What is required | Whenever a line in the following entries includes "information", tally it. Report nothing except the final count.

Material supplied |
__________________________________________________

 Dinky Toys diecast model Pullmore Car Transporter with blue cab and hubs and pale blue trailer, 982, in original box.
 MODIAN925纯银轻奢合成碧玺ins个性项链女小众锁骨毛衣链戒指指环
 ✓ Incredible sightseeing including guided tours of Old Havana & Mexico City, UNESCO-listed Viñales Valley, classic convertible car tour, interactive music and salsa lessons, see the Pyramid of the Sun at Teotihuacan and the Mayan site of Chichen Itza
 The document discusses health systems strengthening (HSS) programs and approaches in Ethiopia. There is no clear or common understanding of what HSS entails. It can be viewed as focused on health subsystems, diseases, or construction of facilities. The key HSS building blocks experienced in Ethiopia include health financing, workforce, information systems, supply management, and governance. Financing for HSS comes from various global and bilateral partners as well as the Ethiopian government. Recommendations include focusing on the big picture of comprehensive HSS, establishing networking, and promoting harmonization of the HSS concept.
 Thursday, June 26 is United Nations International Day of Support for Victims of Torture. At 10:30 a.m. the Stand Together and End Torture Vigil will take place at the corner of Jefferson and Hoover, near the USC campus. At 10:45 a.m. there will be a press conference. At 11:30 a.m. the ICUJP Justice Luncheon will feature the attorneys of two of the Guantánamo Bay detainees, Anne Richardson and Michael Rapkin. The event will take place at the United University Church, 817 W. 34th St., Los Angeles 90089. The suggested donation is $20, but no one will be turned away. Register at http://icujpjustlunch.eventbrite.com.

__________________________________________________

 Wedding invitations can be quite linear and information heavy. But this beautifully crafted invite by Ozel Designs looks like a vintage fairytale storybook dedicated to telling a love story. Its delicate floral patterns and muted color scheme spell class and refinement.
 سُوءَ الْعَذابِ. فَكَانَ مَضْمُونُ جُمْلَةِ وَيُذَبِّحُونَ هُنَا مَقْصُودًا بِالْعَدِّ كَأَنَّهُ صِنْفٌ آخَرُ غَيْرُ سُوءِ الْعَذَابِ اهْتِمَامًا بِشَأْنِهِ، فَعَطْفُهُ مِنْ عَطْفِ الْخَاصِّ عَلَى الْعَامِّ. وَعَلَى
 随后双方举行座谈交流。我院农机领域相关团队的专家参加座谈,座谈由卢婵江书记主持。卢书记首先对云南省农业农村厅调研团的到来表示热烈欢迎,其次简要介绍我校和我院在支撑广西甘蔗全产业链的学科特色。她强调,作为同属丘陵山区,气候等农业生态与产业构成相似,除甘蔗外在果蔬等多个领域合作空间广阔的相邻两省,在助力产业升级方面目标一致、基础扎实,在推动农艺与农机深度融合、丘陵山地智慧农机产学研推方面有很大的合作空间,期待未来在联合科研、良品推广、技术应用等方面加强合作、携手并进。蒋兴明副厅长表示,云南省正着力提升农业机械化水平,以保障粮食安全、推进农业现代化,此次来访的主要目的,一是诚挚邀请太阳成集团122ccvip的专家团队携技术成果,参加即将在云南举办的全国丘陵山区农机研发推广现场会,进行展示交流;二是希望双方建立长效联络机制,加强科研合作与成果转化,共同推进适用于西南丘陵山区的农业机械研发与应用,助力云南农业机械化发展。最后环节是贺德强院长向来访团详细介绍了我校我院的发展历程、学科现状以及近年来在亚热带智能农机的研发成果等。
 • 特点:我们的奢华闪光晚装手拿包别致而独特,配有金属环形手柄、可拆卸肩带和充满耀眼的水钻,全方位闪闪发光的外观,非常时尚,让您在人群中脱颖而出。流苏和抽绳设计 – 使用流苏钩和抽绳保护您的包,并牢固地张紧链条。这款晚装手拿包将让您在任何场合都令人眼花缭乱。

__________________________________________________

Written response | 2